(Supplied data begins)
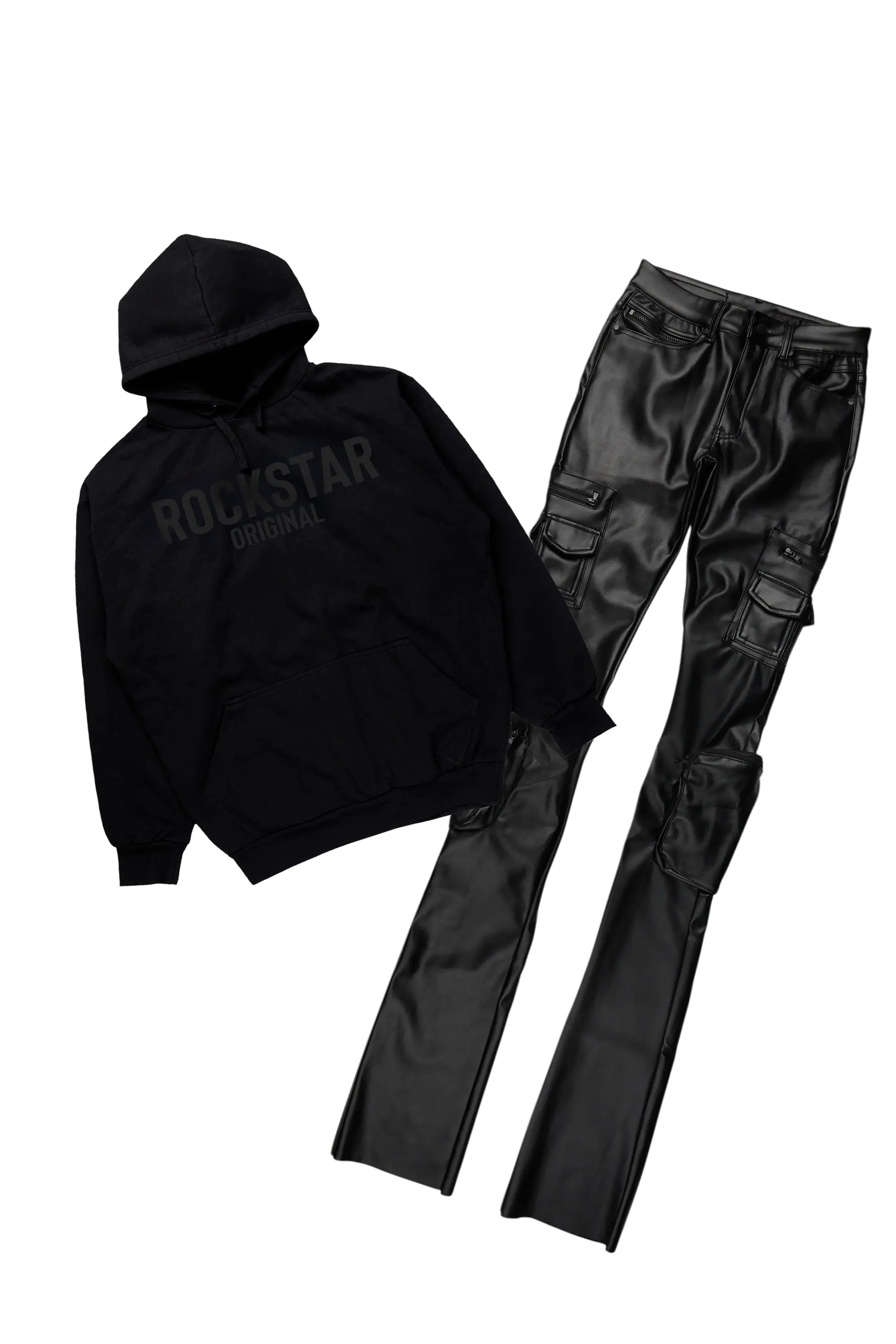 Darken Black Hoodie & Kap Stacked Flare PU Jean Bundle
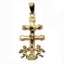 Cruz de Caravaca en oro de 18k, de tamaño mediano, este modelo tiene mucha definicion y el cristo soldando en relieve.
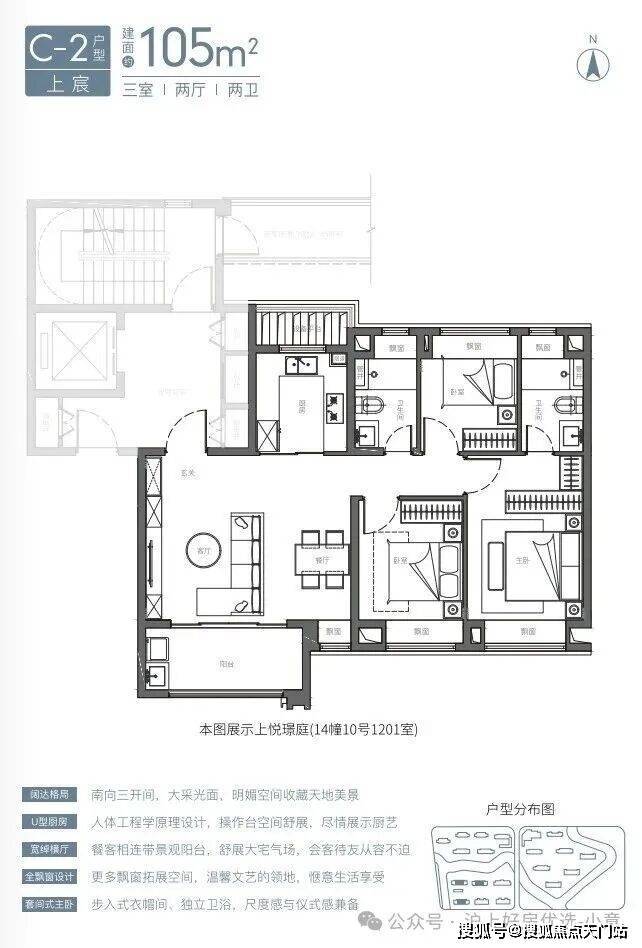 建面约105㎡3房2卫有两种风格(宽厅、竖厅),尤其是宽厅户型,设计格外惊艳。
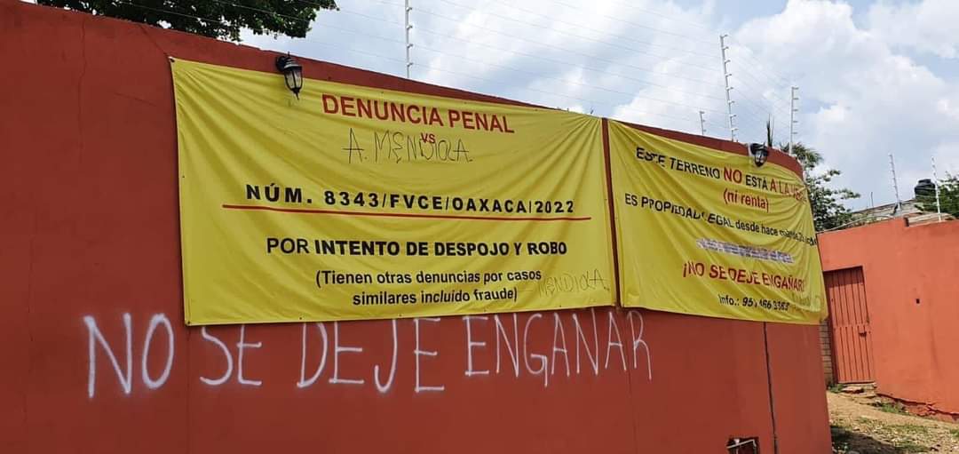 Con base en la información de las autoridades, este sujeto no únicamente se ha dedicado a despojar de predios en el municipio de Oaxaca de Juárez, también han intentado apoderarse de terrenos en Puerto Ángel de donde fueron corridos.
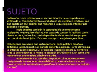 El documento habla sobre el sujeto en filosofía, que se refiere a un ser que es factor de sus propias acciones y decisiones, no solo reacciones. También menciona el concepto de sujeto cognoscitivo y su capacidad de conocer la realidad de manera inteligente e independiente de condiciones subjetivas. Explica que la palabra sujeto en español también se refiere a un tema o asunto.
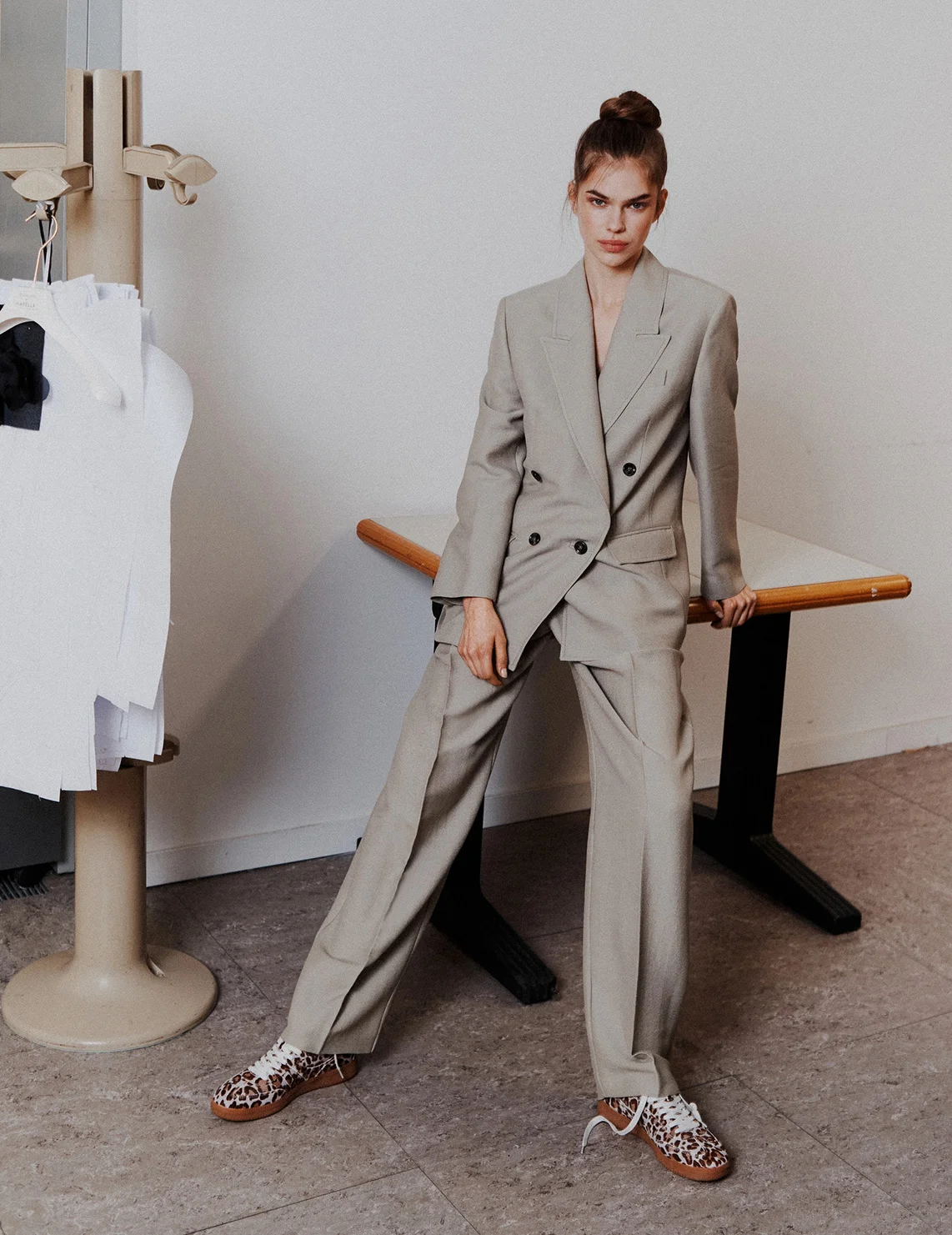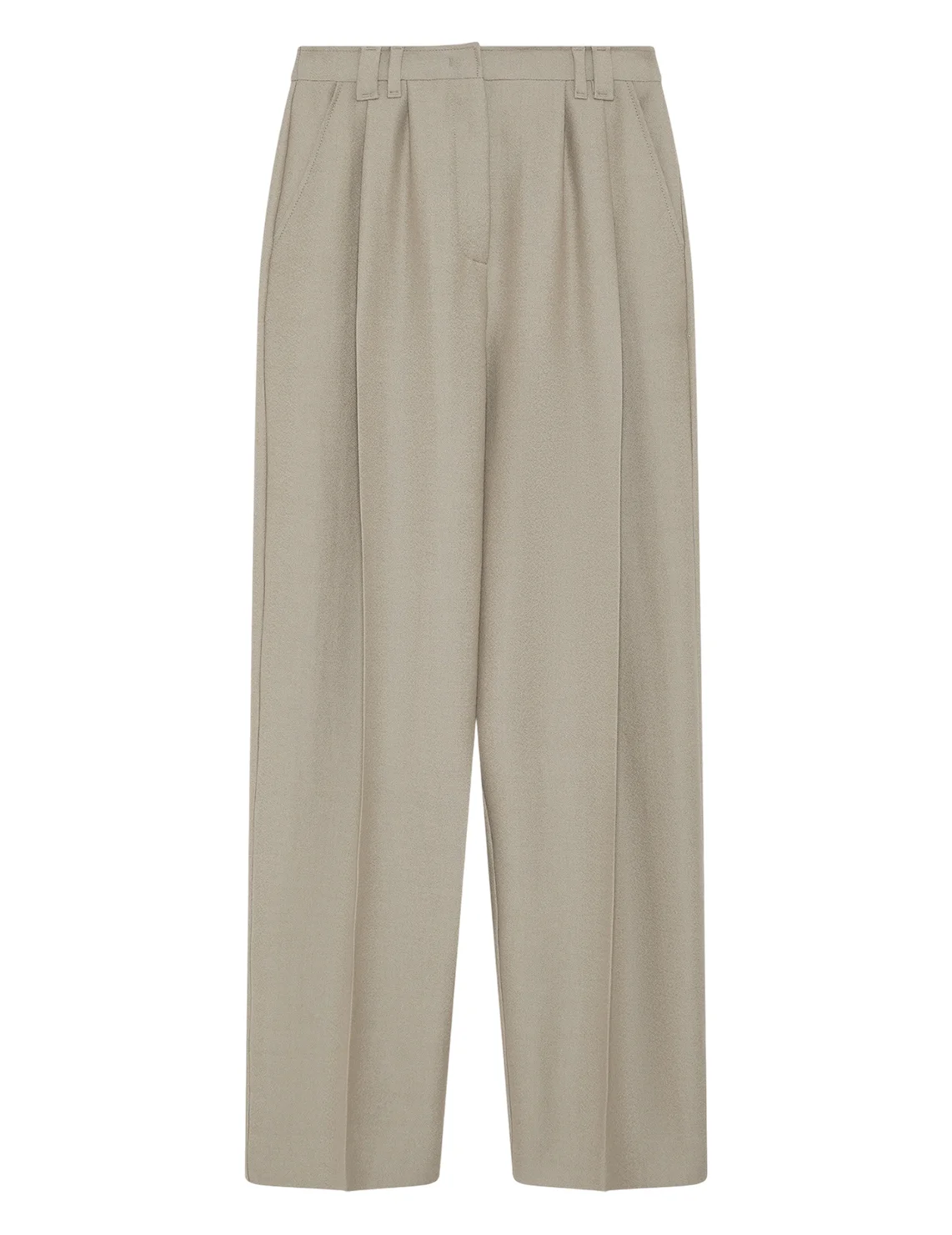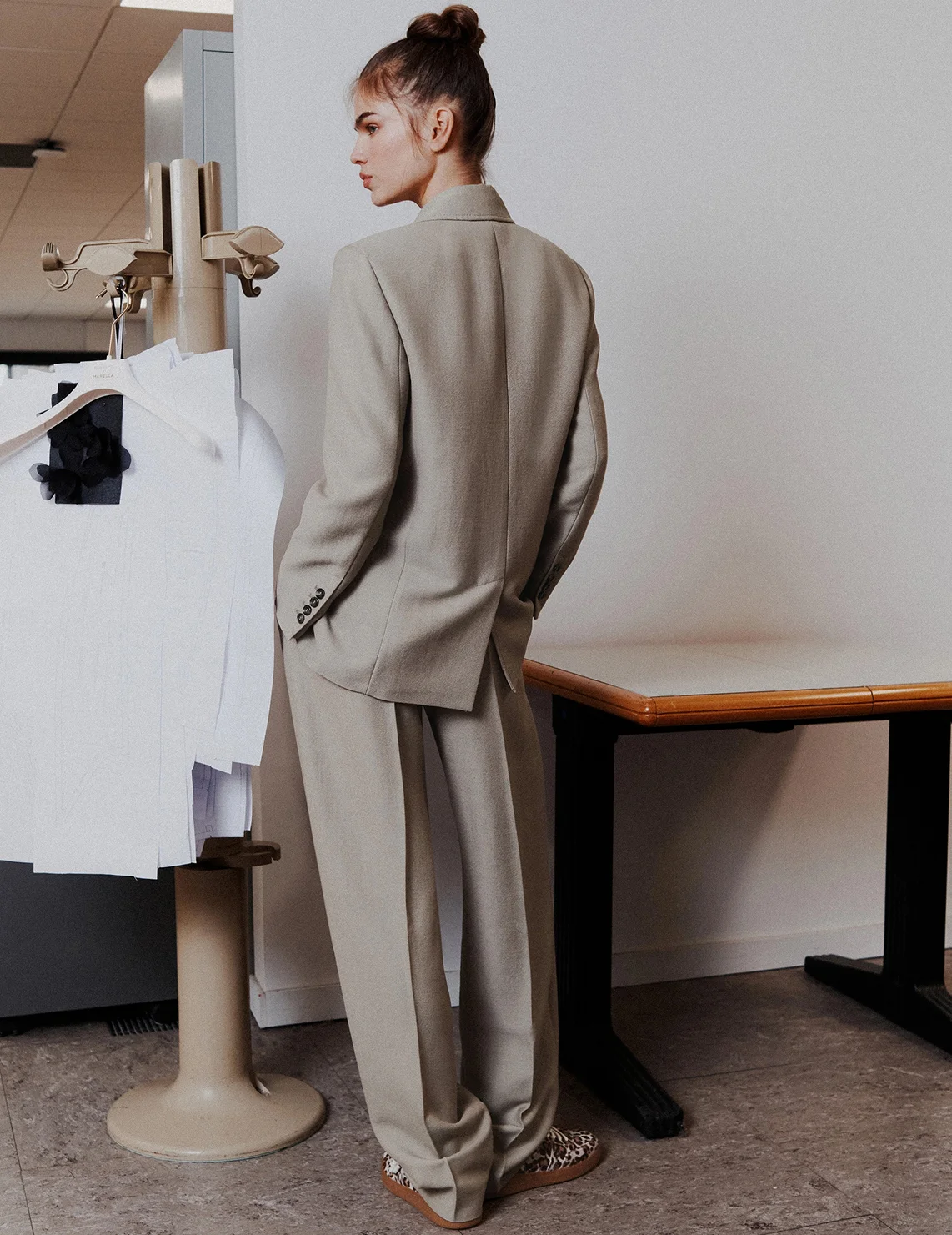 Штани виготовлені з вовни та віскози. Модель виконана у вільному крої. Має шльовки для ременя, приховану застібку-блискавку з гачком, пресовані стрілки та прорізні кишені.
(Supplied data ends)
Required work: Transcribe exactly the lines running from the line with "Con base en" to the last line of the entries. Pictures stay out of the copy.

Answer to this exercise:
 Con base en la información de las autoridades, este sujeto no únicamente se ha dedicado a despojar de predios en el municipio de Oaxaca de Juárez, también han intentado apoderarse de terrenos en Puerto Ángel de donde fueron corridos.
 El documento habla sobre el sujeto en filosofía, que se refiere a un ser que es factor de sus propias acciones y decisiones, no solo reacciones. También menciona el concepto de sujeto cognoscitivo y su capacidad de conocer la realidad de manera inteligente e independiente de condiciones subjetivas. Explica que la palabra sujeto en español también se refiere a un tema o asunto.
 Штани виготовлені з вовни та віскози. Модель виконана у вільному крої. Має шльовки для ременя, приховану застібку-блискавку з гачком, пресовані стрілки та прорізні кишені.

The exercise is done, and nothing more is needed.